The Consumer Financial Protection Bureau plans to force banks to check on borrowers' ability to repay loans to stop lending abuses that contributed to the U.S. housing bubble and eventual collapse.
WASHINGTON — More than five years after the housing market collapsed, the U.S. government's newly created consumer watchdog said Thursday it will force banks to verify a borrower's ability to repay loans to limit the kind of loose lending that helped push the U.S. economy into recession.
The Consumer Financial Protection Bureau said its new guidelines would also protect borrowers from irresponsible mortgage lending by providing some legal shields for lenders who issue safer, lower-priced loan products.
Lenders and consumer groups have anxiously awaited the new rules, which are among the most controversial the government watchdog is required to issue by the 2010 Dodd-Frank financial reform law.
"When consumers sit down at the closing table, they shouldn't be set up to fail with mortgages they can't afford," Richard Cordray, the bureau's director, said in a statement.
The new rules are intended to combat lending abuses that contributed to the U.S. housing bubble, when shoddy mortgage standards led American households to take on billions of dollars in debt they could not afford.
The U.S. economy is still feeling the after-effects of the bubble, which sparked a global credit crisis after it burst in 2006. As the housing market imploded, banks sharply tightened their lending practices.
Regulators said the new rules would head off future crises by preventing irresponsible lending, without forcing banks to restrict credit further. Lenders will have to verify a potential borrower's income, the amount of debt they have and their job status before issuing a mortgage.
And because lenders are likely to want the heightened legal protection that comes with offering certain "plain vanilla" loans, the rules could go a long way in determining who gets a loan and who can access low-cost borrowing rates.
Dodd-Frank directed regulators to designate a category of "qualified mortgages" that would automatically be considered compliant with the ability-to-repay requirement. The rule was first set in motion by the Federal Reserve and then handed off to the consumer bureau in July 2011.
The consumer protection bureau said on Thursday that it would define "qualified mortgages" as those that have no risky loan features - such as interest-only payments or balloon payments - and with fees that add up to no more than 3 percent of the loan amount.
In addition, these loans must go to borrowers whose debt does not exceed 43 percent of their income.
These loans would carry extra legal protection for lenders under a two-tiered system that appears to create a compromise between the housing industry and consumer advocates.
Bank groups had lobbied the bureau to extend a full "safe harbor" to all qualified loans, preventing consumers from claiming in lawsuits that they did not have the ability to repay them. But consumer advocates wanted a lower form of protection that would allow borrowers greater latitude to sue.

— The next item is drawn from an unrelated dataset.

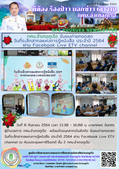 กศน.อำเภอภูเรือ รับชมถ่ายทอดสด วันที่ระลึกสากลแห่งการรู้หนังสือ ประจำปี 2564 ผ่าน Facebook Live ETV channel
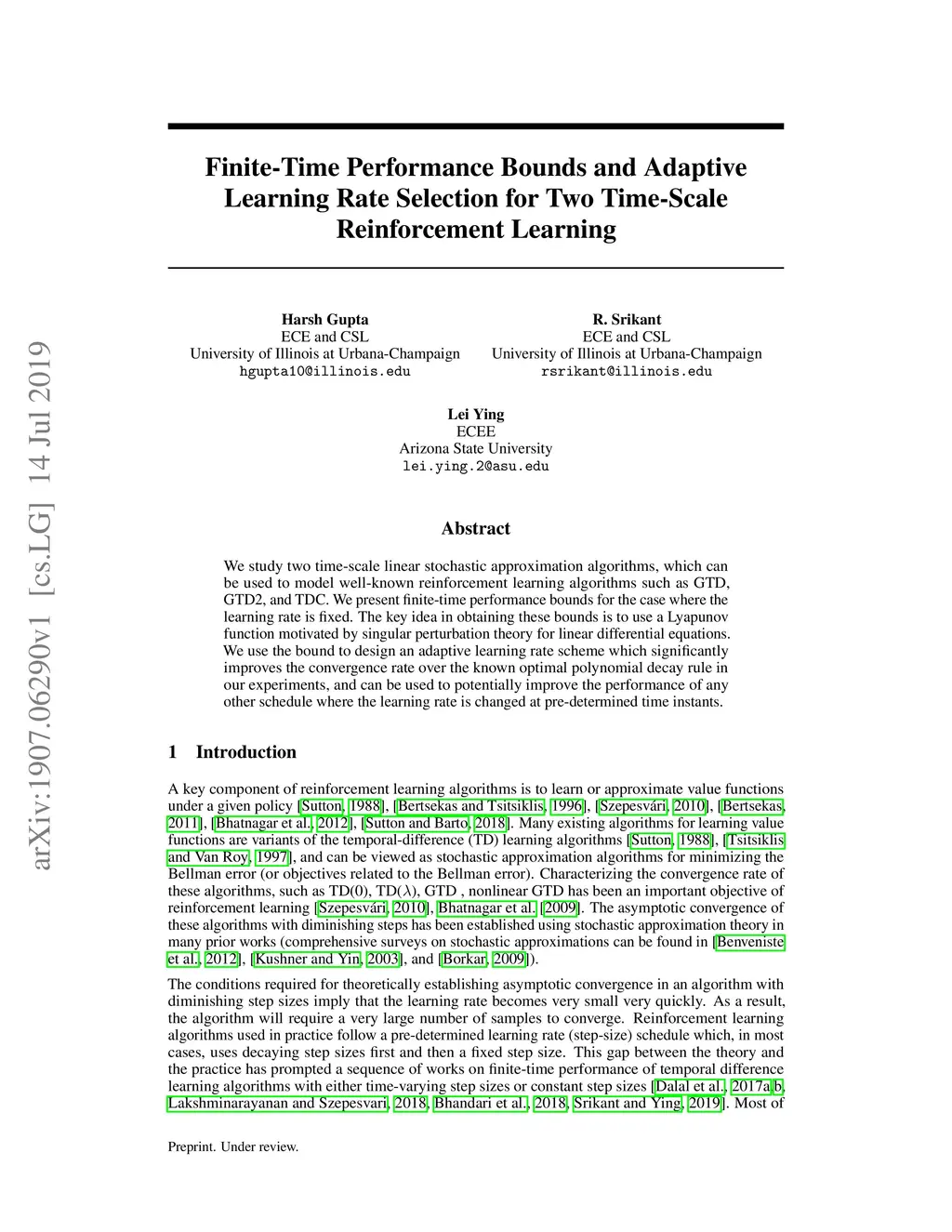 We study two time-scale linear stochastic approximation algorithms, which can be used to model well-known reinforcement learning algorithms such as GTD, GTD2, and TDC. We present finite-time performance bounds for the case where the learning rate is fixed. The key idea in obtaining these bounds is to use a Lyapunov function motivated by singular perturbation theory for linear differential equations. We use the bound to design an adaptive learning rate scheme which significantly improves the convergence rate over the known optimal polynomial decay rule in our experiments, and can be used to potentially improve the performance of any other schedule where the learning rate is changed at pre-determined time instants.

Under the rules announced on Thursday, the highest level of protection would go to lower-priced qualified mortgages. Such prime loans generally will go to less-risky consumers with sound credit histories, the bureau said.
Higher priced loans would receive less protection. Lenders would be presumed to have verified the ability to repay the loan, but borrowers could sue if they could show that they did not have sufficient income to pay the mortgage and cover other living expenses.
Some lawmakers and mortgage lenders had warned against a draconian rule that could exacerbate the current credit crunch and set back a housing market that has become a bright spot in an otherwise tepid economic recovery.
Consumer bureau officials said they were sensitive to concerns about credit tightening, and they included several provisions meant to keep credit flowing and to smooth the transition to the new rules.
The new rules establish an additional category of loans that would be temporarily treated as qualified. These mortgages could exceed the 43 percent debt-to-income ratio as long as they met the underwriting standards required by Fannie Mae, Freddie Mac or other U.S. government housing agencies.
The provision would phase out in seven years, or sooner if housing agencies issue their own qualified mortgage rules or if the government ends its support of Fannie Mae and Freddie Mac, the two housing finance giants it rescued in 2008.
Banks will have until January 2014 to comply with the new rules, the consumer bureau said.